Investors also indulged their appetite for risk last week. Barron’s reported:
“…the stock market sent all four major U.S. benchmarks – the Standard & Poor’s 500, the Dow industrials, the NASDAQ Composite, and the Russell 2000 – to record highs last week, on the same day. Lest you think that’s an easy feat, we haven’t seen such a gathering at the summit since December 31, 1999, back when we had juvenile waistlines and Napster accounts. Then, for emphasis and encore, the market did it again a day later, a back-to-back fete the likes of which we haven’t seen since the positively Pleistocene era…of 1998. The buying binge continued on Friday, after Thanksgiving’s regrettable interruption, propelling the indexes to – you guessed it – more record highs.”
U.S. stock markets are doing well and so are some overseas markets. Barron’s reported Canada’s national index is up 14.3 percent for the year, Thailand’s is up 14.4 percent, Indonesia’s is up 12.6 percent, and the United Kingdom’s is up 8.5 percent.

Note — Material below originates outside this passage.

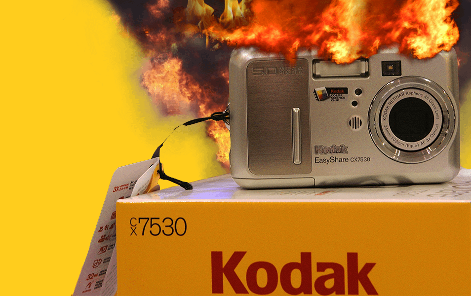 Оплошность этой компании относится к сфере стратегических решений. Она привела к более плачевным последствиям. Много лет компания занималось проявкой и печатью фотоснимков. Само понятие фотографии буквально ассоциировались с их именем.
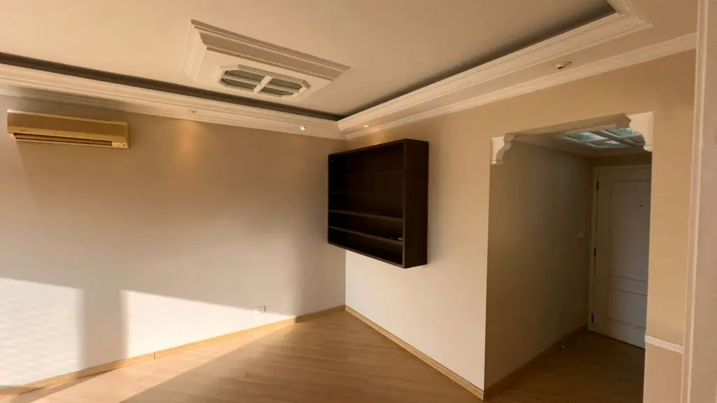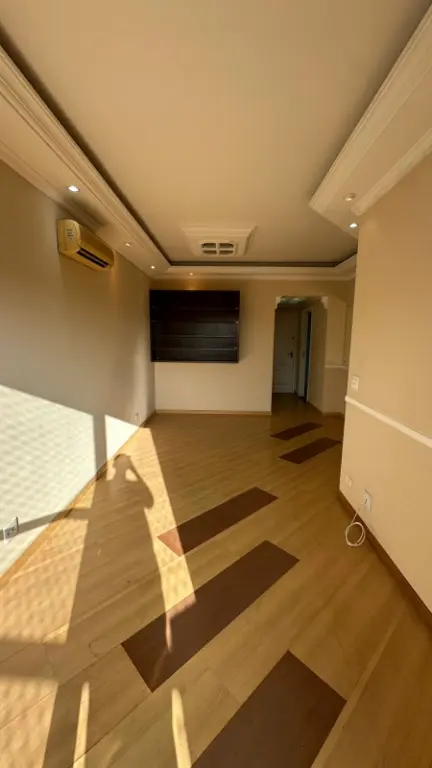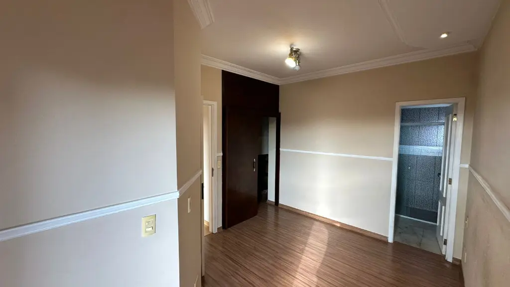 Pisos em madeira/laminado nos quartos e corredor, e um teto estiloso no hall de entrada.

It’s quite gratifying to watch the value of stocks rise. However, U.S. shareholders may want to ask, “Is this congregation of indexes at record highs a sign that our seven-year-old bull market is finding a second wind – or is it a signal that the party has peaked?”
Data as of 11/25/16
Standard & Poor's 500 (Domestic Stocks)
Dow Jones Global ex-U.S.
10-year Treasury Note (Yield Only)
Gold (per ounce)
Bloomberg Commodity Index
DJ Equity All REIT Total Return Index
S&P 500, Dow Jones Global ex-US, Gold, Bloomberg Commodity Index returns exclude reinvested dividends (gold does not pay a dividend) and the three-, five-, and 10-year returns are annualized; the DJ Equity All REIT Total Return Index does include reinvested dividends and the three-, five-, and 10-year returns are annualized; and the 10-year Treasury Note is simply the yield at the close of the day on each of the historical time periods.
Sources: Yahoo! Finance, Barron’s, djindexes.com, London Bullion Market Association.
Past performance is no guarantee of future results. Indices are unmanaged and cannot be invested into directly. N/A means not applicable.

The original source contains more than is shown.